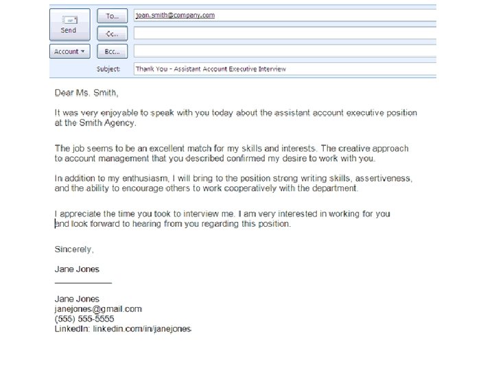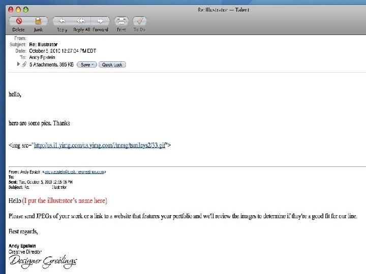 Replying Example Subject: RE: Your February conference presentation Message: Hi Dan, I’m glad to hear that you enjoyed the presentation. I am happy to provide you with a copy of my presentation. Please see the attached Power. Point document. Other people working in this same area are John Smith at Johns Hopkins and Paula Brewer at the University of Minnesota. I suggest starting with Smith’s, “What you can’t see can hurt you” in the journal Nature (April, 2005). If you have any questions, let me know. Sincerely, Taejin Park, Ph. D. Associate Professor Department of Biology Sears University Biology Bldg 6666 Eastern Ave. Robuck, AZ. 32232 Phone: 416 -555 -7543 Cell: 416 -555 -8245 Fax: 416 -555 -2456 Email: tjpark@sears. edu Web: http: //www. sears. edu/~tjpark
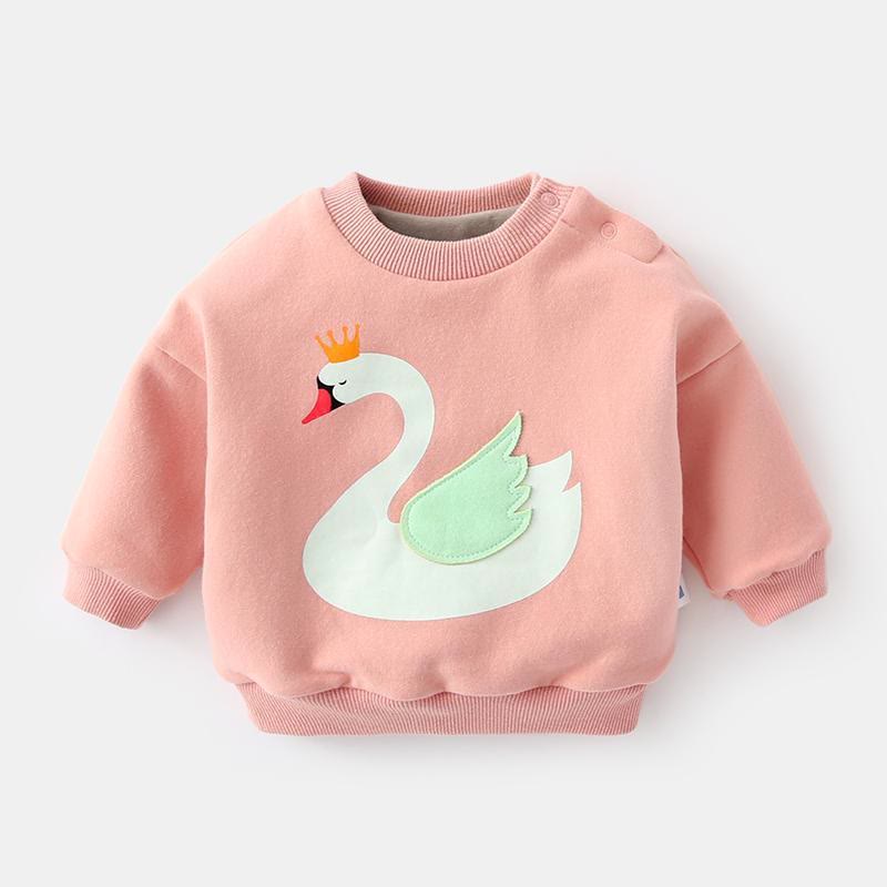 Baby Cartoon Crown Swan Fleece Lined Sweatshirt
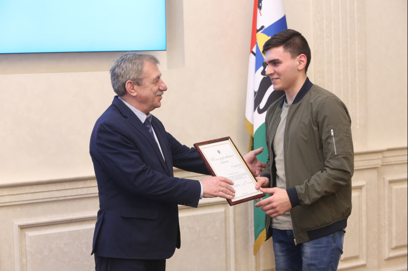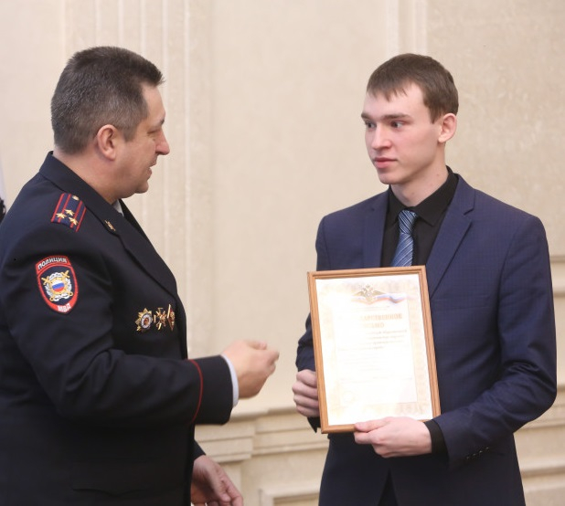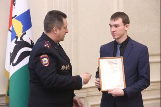 В конце заседания наградили тех, кто помогает полиции. Среди них и студент НГУ Александр Сырбу.
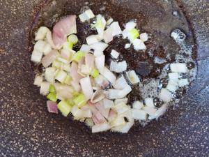 Sauté the onion and scallion whites until they become soft, but avoid letting them brown.
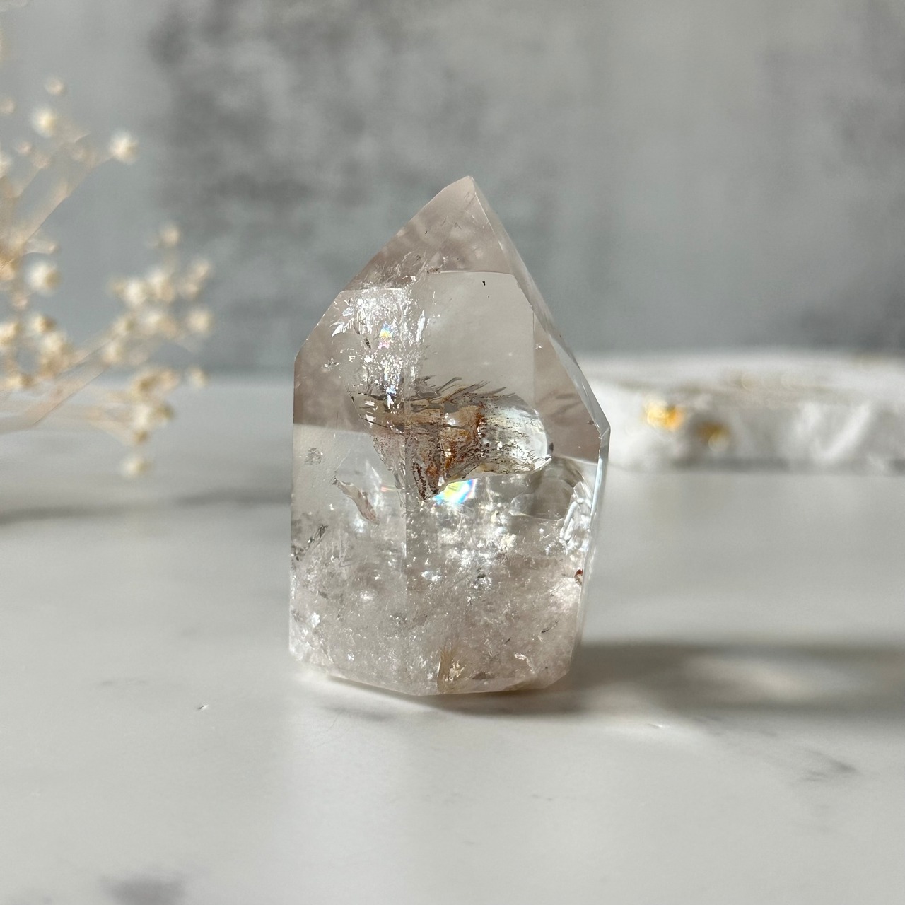 柔らかいニュアンスカラーが美しいブラジル産アイリスクォーツタワーです。
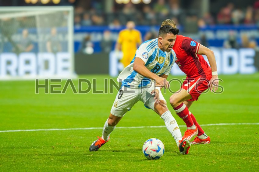 Atlanta, Georgia, USA, June 20, 2024, Argentina defender Marcos Acuña #8 fight to keep the ball during the 2024 Copa America at Mercedes-Benz Stadium. (Photo Credit: Marty Jean-Louis)
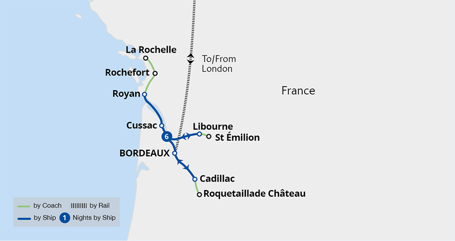 Experience the idyllic landscapes of the Bordeaux wine region on a leisurely river cruise on the Garonne and Dordogne. Discover Bordeaux's 18th-century grandeur and cruise to medieval St Émilion, where ancient caves and Europe's largest monolithic church await. Explore the renowned Médoc wine route, visit the prestigious Rochefort and picturesque...
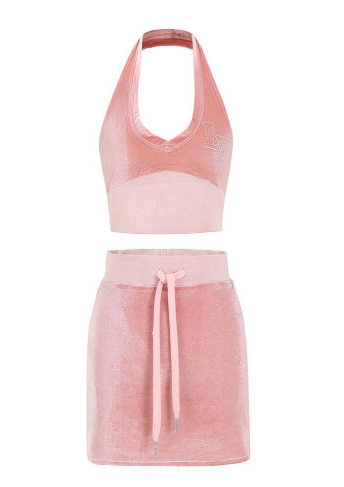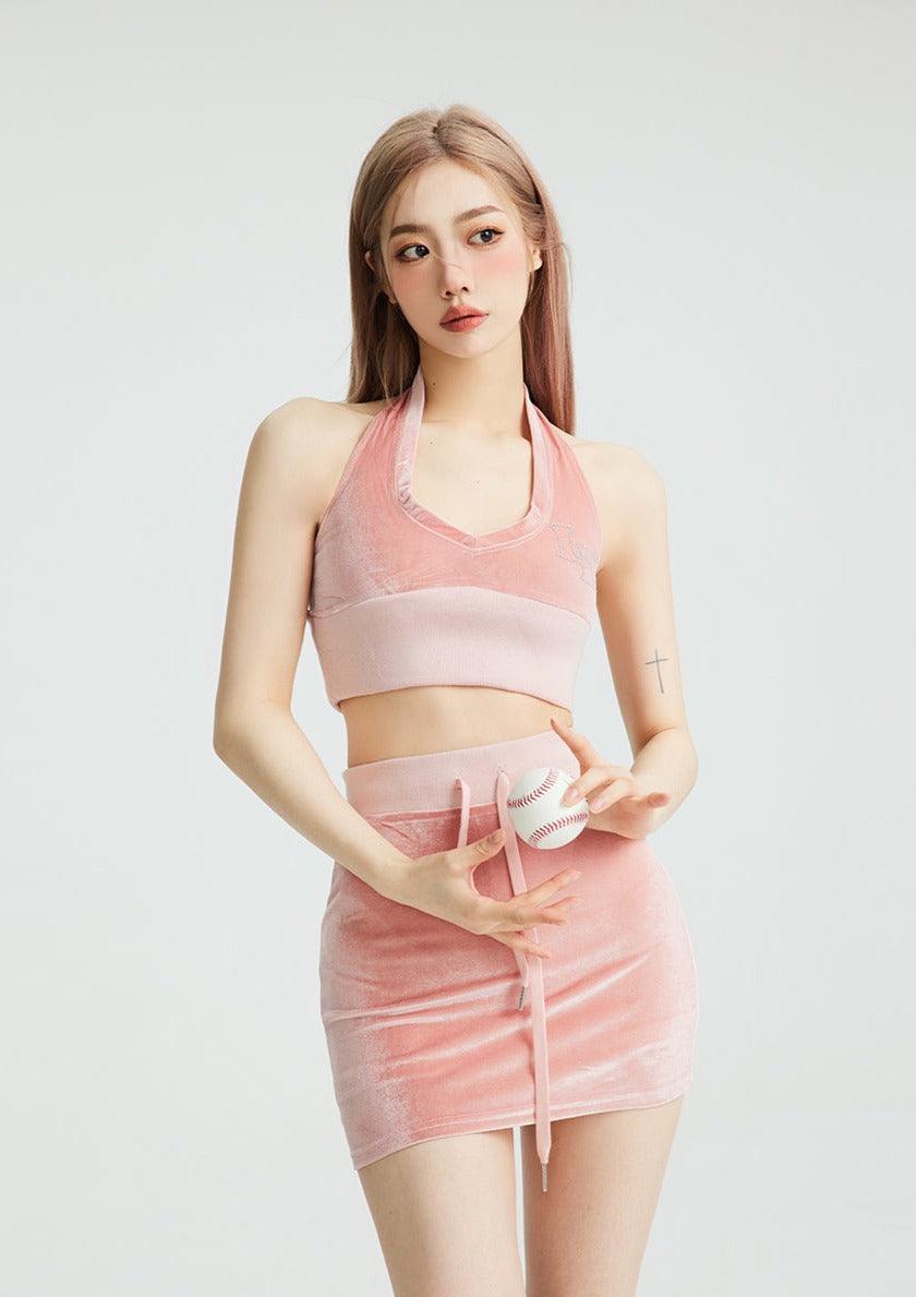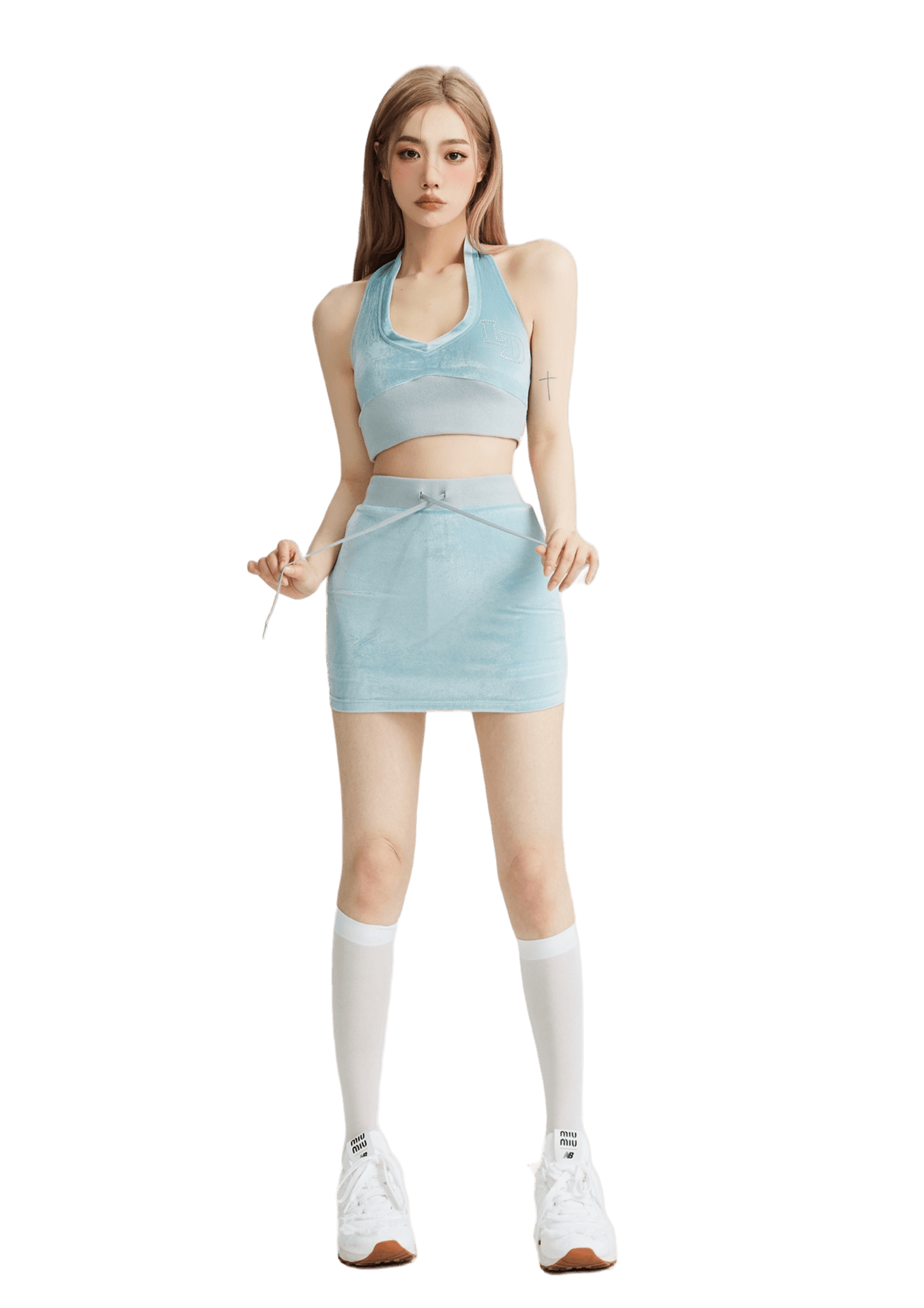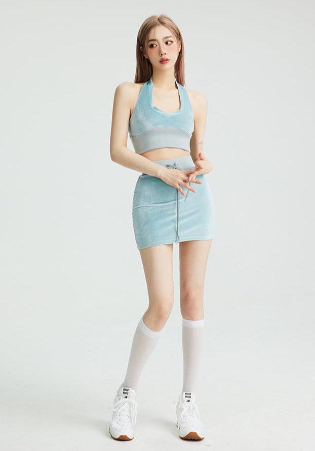 Velvet Halter Tank Top & Skirt Sports Two-Piece Set
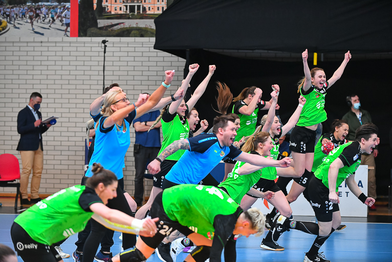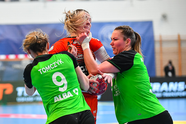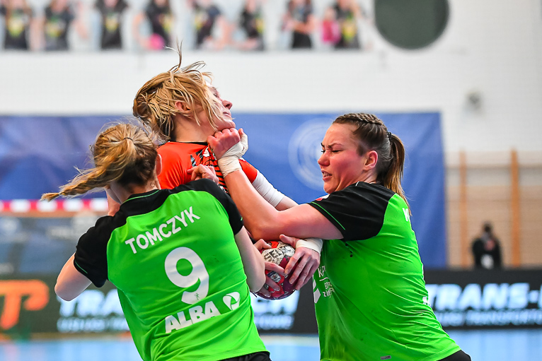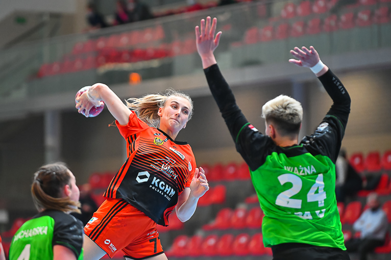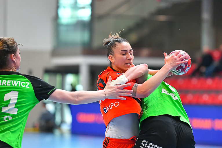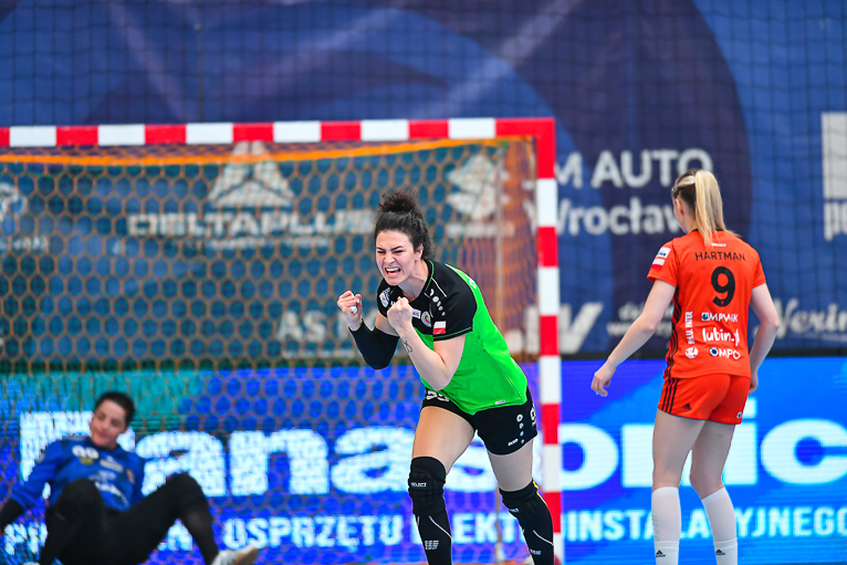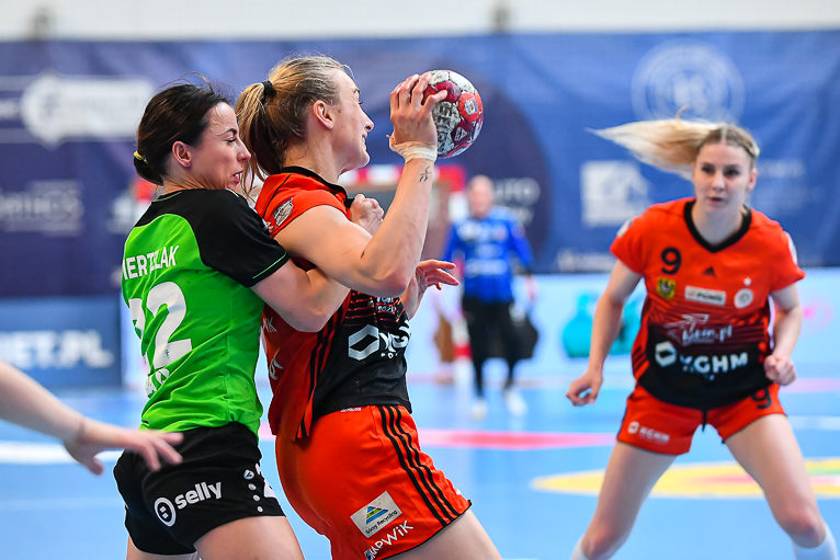 W drugą połowę dużo lepiej weszły miejscowe, które szybko odskoczyły na cztery bramki, przez co Zagłębie znów musiało gonić wynik. Podopieczne Bożeny Karkut i Renaty Jakubowskiej doszły rywalki na jedną bramkę po kwadransie gry i znów złapały wiatr w żagle. W 49. minucie bramkę po kontrze rzuciła Malwina Hartman i mieliśmy remis po 18. I znów lubinianki zaczęły grać skuteczniej w ofensywie i twardo w obronie, a miedzy słupkami cuda wyczyniała Monika Maliczkiewicz. Od momenty doprowadzenia przez Miedziowe do remisu mecz znów był „na styku”, a każda akcja mogła przesądzić o końcowym triumfie, tym bardziej, że trzy minuty przed końcem notowaliśmy remis po 21. Zagłębie miało swoje szanse, aby przełamać rywalki i wyjść na prowadzenie, ale brakowało przysłowiowej kropki nad „i”. Ta sztuka udała się czterdzieści sekund przed końcem, kiedy indywidulaną akcją po raz kolejny popisała się Patrycja Matieli. Zagłębie wyszło na prowadzenie 23:22 i było krok od wygranej za trzy punkty. Niestety w ostatniej akcji brazylijska rozgrywająca pomyliła się, podała wprost w ręce rywalek i w ostatniej sekundzie na remis rzuciła Aleksandra Tomczyk. Mieliśmy rzuty karne, które wciąż przedłużały nadzieję Miedziowych na mistrzostwo po tym meczu.

══════════════════════════════

**Work item**
In this exercise, set down all of the data exactly, without the pictures.

**Exercise output**
 Replying Example Subject: RE: Your February conference presentation Message: Hi Dan, I’m glad to hear that you enjoyed the presentation. I am happy to provide you with a copy of my presentation. Please see the attached Power. Point document. Other people working in this same area are John Smith at Johns Hopkins and Paula Brewer at the University of Minnesota. I suggest starting with Smith’s, “What you can’t see can hurt you” in the journal Nature (April, 2005). If you have any questions, let me know. Sincerely, Taejin Park, Ph. D. Associate Professor Department of Biology Sears University Biology Bldg 6666 Eastern Ave. Robuck, AZ. 32232 Phone: 416 -555 -7543 Cell: 416 -555 -8245 Fax: 416 -555 -2456 Email: tjpark@sears. edu Web: http: //www. sears. edu/~tjpark
 Baby Cartoon Crown Swan Fleece Lined Sweatshirt
 В конце заседания наградили тех, кто помогает полиции. Среди них и студент НГУ Александр Сырбу.
 Sauté the onion and scallion whites until they become soft, but avoid letting them brown.
 柔らかいニュアンスカラーが美しいブラジル産アイリスクォーツタワーです。
 Atlanta, Georgia, USA, June 20, 2024, Argentina defender Marcos Acuña #8 fight to keep the ball during the 2024 Copa America at Mercedes-Benz Stadium. (Photo Credit: Marty Jean-Louis)
 Experience the idyllic landscapes of the Bordeaux wine region on a leisurely river cruise on the Garonne and Dordogne. Discover Bordeaux's 18th-century grandeur and cruise to medieval St Émilion, where ancient caves and Europe's largest monolithic church await. Explore the renowned Médoc wine route, visit the prestigious Rochefort and picturesque...
 Velvet Halter Tank Top & Skirt Sports Two-Piece Set
 W drugą połowę dużo lepiej weszły miejscowe, które szybko odskoczyły na cztery bramki, przez co Zagłębie znów musiało gonić wynik. Podopieczne Bożeny Karkut i Renaty Jakubowskiej doszły rywalki na jedną bramkę po kwadransie gry i znów złapały wiatr w żagle. W 49. minucie bramkę po kontrze rzuciła Malwina Hartman i mieliśmy remis po 18. I znów lubinianki zaczęły grać skuteczniej w ofensywie i twardo w obronie, a miedzy słupkami cuda wyczyniała Monika Maliczkiewicz. Od momenty doprowadzenia przez Miedziowe do remisu mecz znów był „na styku”, a każda akcja mogła przesądzić o końcowym triumfie, tym bardziej, że trzy minuty przed końcem notowaliśmy remis po 21. Zagłębie miało swoje szanse, aby przełamać rywalki i wyjść na prowadzenie, ale brakowało przysłowiowej kropki nad „i”. Ta sztuka udała się czterdzieści sekund przed końcem, kiedy indywidulaną akcją po raz kolejny popisała się Patrycja Matieli. Zagłębie wyszło na prowadzenie 23:22 i było krok od wygranej za trzy punkty. Niestety w ostatniej akcji brazylijska rozgrywająca pomyliła się, podała wprost w ręce rywalek i w ostatniej sekundzie na remis rzuciła Aleksandra Tomczyk. Mieliśmy rzuty karne, które wciąż przedłużały nadzieję Miedziowych na mistrzostwo po tym meczu.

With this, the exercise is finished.